Thus, at least in this population of sporadically affected North American patients, making a monogenic diagnosis of NS is challenged by background prevalence, particularly in dominant genes, and incomplete penetrance of the SRNS phenotype. Like any screening test, variant prediction filters have imperfect sensitivity and specificity. Under the stringent filter, there was 1.5% background prevalence in the 1000G, suggesting that some variants, even if found in patients, may be false positives. In regard to false negatives, when using 92 published mutations as a gold standard, the sensitivity was not 100%. This was more of a factor in genes with a dominant mode of transmission. Thus, care must be taken to consider the output of this filter in the context of other complementary information about both the variants and affected patients/research participants under consideration. Future sequencing studies of hundreds to thousands of longitudinally phenotyped patients with sporadic and familial NS and controls with proteinuria and renal functional data should increase our accuracy of these prediction filters.
Monogenic prediction may also be challenged by the existence of more complex modes of inheritance in NS, such as alleles that modify the effect’s causal variants, triallelism or bigenic heterozygosity,61,62 or risk alleles that exist independently of rare coding variants in known monogenic NS genes.63–66 These complex forms of genetic architecture should continue to be the focus of study as well. Altogether, these factors seemingly challenge the ability to make treatment decisions solely on the basis of a subject’s genetic sequence. Thus, it may be more accurate to reconsider predicted monogenic mutations as probabilistic risk factors.
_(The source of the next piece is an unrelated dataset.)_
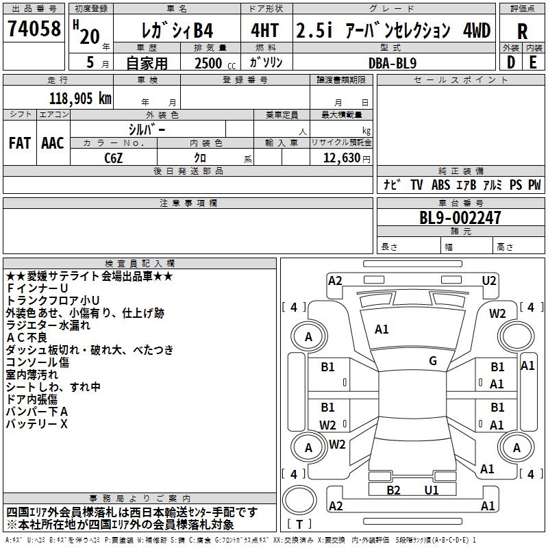 SUBARU LEGACY B4 2.5I URBAN SELECTION 4WD - лот 74058

There are a number of advantages of a probabilistic model. First, quantifying the pathogenicity of variants discovered along a continuous spectrum may more accurately reflect their effect on disease. Second, consideration of factors additional to variant prediction could allow more informed adjustment of the probability of a patient having monogenic disease. Although more complex than a deterministic, dichotomous diagnosis, quantifying relative risk of a variant being pathogenic for NS may improve the precision of clinical care.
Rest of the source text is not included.